GIVEN ENTRIES:
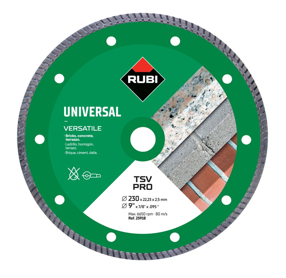 Het TURBO - TSV zaagblad wordt aanbevolen voor het droog zagen met een haakse slijper in algemene bouwmaterialen zoals baksteen, beton en terrazzo.Een geweldige combinatie van hoogwaardige afwerking met een hoge zaagsnelheid.Het type TURBO zaagblad combineert in één blad een scherpe afwerking met een hoge zaagsnelheid.Het gegleufde ontwerp van de TSV zaagbladen geeft de gebruiker een scherpe afwerking in combinatie met een hoge zaagsnelheid.RUBI gebruikt laserlassen om de diamantenrand vast te maken aan het metalen frame.Binnen deze serie zaagbladen heeft RUBI 2 verschillende kwaliteit bladen, De PRO en SUPERPRO.De PRO zaagbladen geeft de gebruiker de beste prijs-kwaliteitverhouding.SUPERPRO bladen zijn als er meer wordt geëist van de zaagbladen in verband met een zwaardere klus.Bladen met een dikte van minder dan 2 mm zijn niet geschikt voor verstek zagen.Bij RUBI weten we hoe we in elk land ter wereld moeten werken, kennen we de eisen van tegelzetters en kennen we alle gebruikte materialen voor installaties en renovaties. Om deze redenen is RUBI een erkend merk en duidelijk gericht op een professionele en zeer veeleisende sector. Daarom stelt RUBI u alle kennis en ervaring ter beschikking om gereedschappen met de hoogste precisie te vervaardigen. De hoge eisen van onze klanten en de markt maken dat wij al onze ervaring gebruiken om gereedschappen en producten voor het snijden, zagen en leggen van keramische tegels op de meest nauwkeurige manier te ontwerpen.
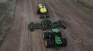 美国农场春季播种航拍 约翰迪尔9630拖拉机配套免耕播种机
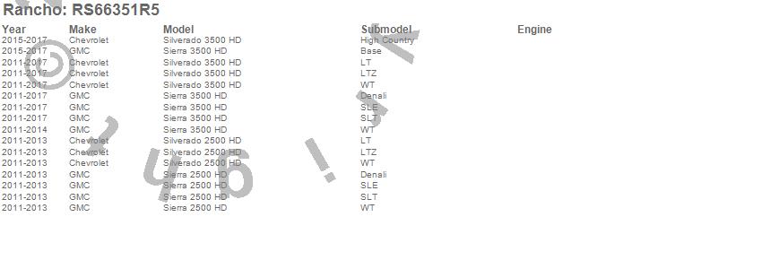 Brand: RanchoPart Number: RS66351R5Suspension Front Leveling Kit Type: Front RS5000 Series Shocks - 2.25 in. Lift - Fits Up To A 33-in. TireUPC: 039703004022
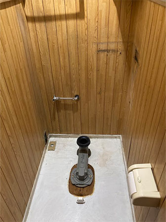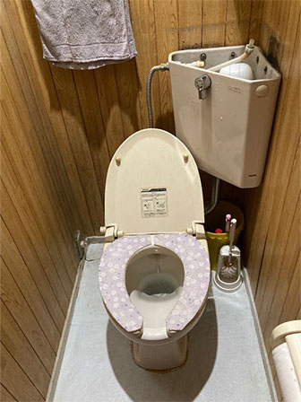 トイレの水が止まらないと連絡を頂きました。お伺い確認したところ便器内にちょろちょろ水が流れ出ている状態でした。使用年数40年とのことで、要因としてはボールタップ、サイフォン管、アングル止水栓の経年劣化が考えられます。不具合個所3か所の修理でも改善するが、トイレを外して作業をするため違う個所で不具合が起こる可能性が高いと説明して便器一式交換することの方が安心して長く使えると説明。排水位置が壁から500㎜以上ありリモデルタイプに交換アングル止水栓の位置も変更致しました。
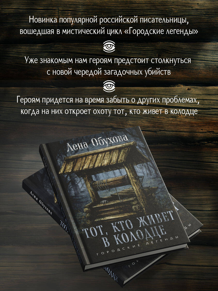 «Тот, кто живет в колодце» - новинка популярной российской писательницы Лены Обуховой, вошедшая в мистический цикл «Городские легенды». Уже знакомым нам героям предстоит столкнуться с новой чередой загадочных убийств. После трех похожих убийств становится очевидно: в Шелково орудует серийный убийца - маньяк, помешанный на мистических городских легендах. Если он останется верен себе, то новое убийство произойдет со дня на день, а у полиции почти нет зацепок. Единственную подсказку подбрасывает Влад, рисуя старый колодец, стоящий посреди леса: следующее преступление должно быть связано с этим местом. Сам Влад по-прежнему пытается выяснить, что произошло в тот день, когда он попал в аварию и потерял зрение, а заодно разобраться в усложнившихся отношениях с Юлей. Юля, в свою очередь, пытается понять причину происходящих с ней изменений. Но всем героям придется на время забыть о других проблемах, когда на них откроет охоту тот, кто живет в колодце.| Издательство | ООО "Издательство "Эксмо" |
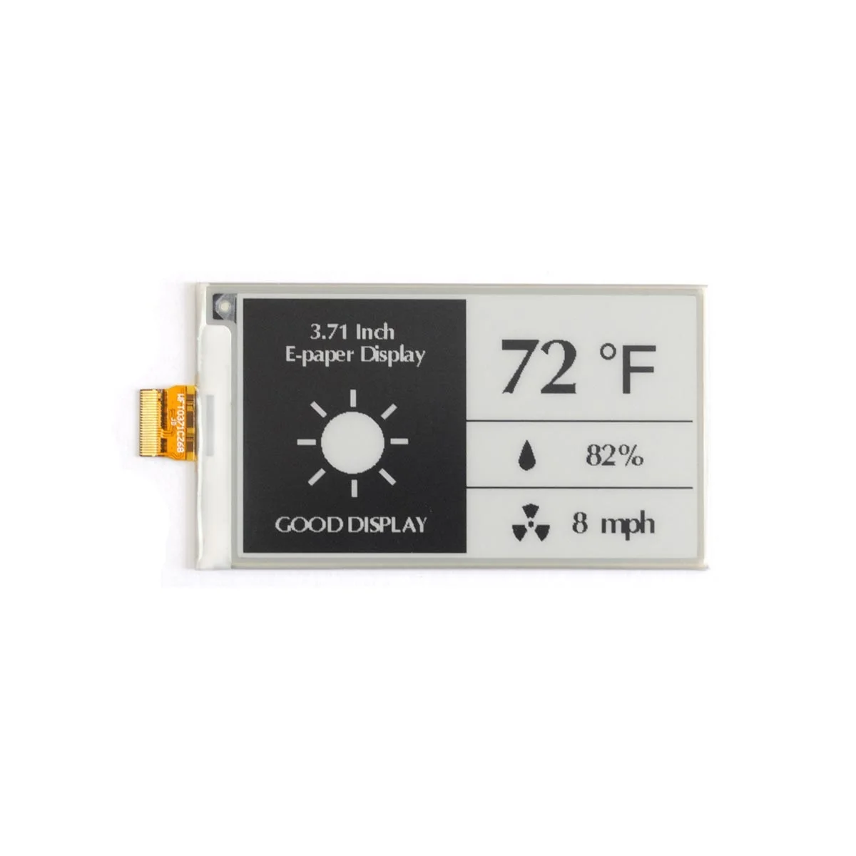 Это Набор разработчика с 3,71 дюймовым дисплеем e-paper e-ink экраном с разрешением 416x240, SPI интерфейсом и дисплеем, способным отображать изображения с черным и белым содержанием. Ваше изображение удерживает неограниченный срок без питания-Установите изображение, а затем выключите питание. Как только эти электронные бумажные модули будут обновлены, они не требуют какого-либо питания и могут быть полностью отключены, и содержимое будет оставаться на дисплее бесконечно. Этот электронный бумажный дисплей GDEW0371W3 идеально подходит для устройств с низким энергопотреблением, работающих на солнечной энергии или батареях.
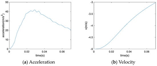 Figure 6 shows the change in acceleration and velocity of the rigid cabin structure, which has a mass of 700 kg and an initial velocity of 5 m/s. The acceleration increases rapidly once the structure enters the water and declines quickly after the peak value.
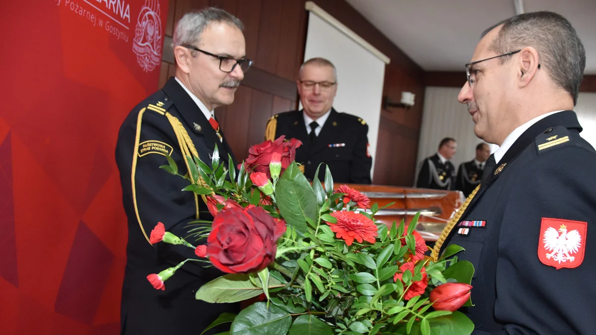 Komendant powiatowy gostyńskiej straży pożarnej, st. kpt. Marcin Nyczka, podziękował swojemu zastępcy za kilkanaście lat wspólnej pracy.
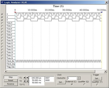 図2はNI Multisim(※)上で作ってみた3ビットのSynchronous(同期)UP Counterです。図3のように8ステートで元に戻っています。シミュレーション開始時にF/Fを初期化していませんので、ロジアナで(複数回トリガして)見てみると、そのときのF/Fの値が横軸0時間のときに出ています。本来であればF/Fはリセットしましょう(笑…カスタムICではサインオフができませんね)。

REQUIRED ACTION: Leaving each picture behind, please give again exactly the lines above from the one with "トイレの水が止まらないと連絡" through the one with "- новинка популярной", both included, and no others.

RESPONSE BELOW:
 トイレの水が止まらないと連絡を頂きました。お伺い確認したところ便器内にちょろちょろ水が流れ出ている状態でした。使用年数40年とのことで、要因としてはボールタップ、サイフォン管、アングル止水栓の経年劣化が考えられます。不具合個所3か所の修理でも改善するが、トイレを外して作業をするため違う個所で不具合が起こる可能性が高いと説明して便器一式交換することの方が安心して長く使えると説明。排水位置が壁から500㎜以上ありリモデルタイプに交換アングル止水栓の位置も変更致しました。
 «Тот, кто живет в колодце» - новинка популярной российской писательницы Лены Обуховой, вошедшая в мистический цикл «Городские легенды». Уже знакомым нам героям предстоит столкнуться с новой чередой загадочных убийств. После трех похожих убийств становится очевидно: в Шелково орудует серийный убийца - маньяк, помешанный на мистических городских легендах. Если он останется верен себе, то новое убийство произойдет со дня на день, а у полиции почти нет зацепок. Единственную подсказку подбрасывает Влад, рисуя старый колодец, стоящий посреди леса: следующее преступление должно быть связано с этим местом. Сам Влад по-прежнему пытается выяснить, что произошло в тот день, когда он попал в аварию и потерял зрение, а заодно разобраться в усложнившихся отношениях с Юлей. Юля, в свою очередь, пытается понять причину происходящих с ней изменений. Но всем героям придется на время забыть о других проблемах, когда на них откроет охоту тот, кто живет в колодце.| Издательство | ООО "Издательство "Эксмо" |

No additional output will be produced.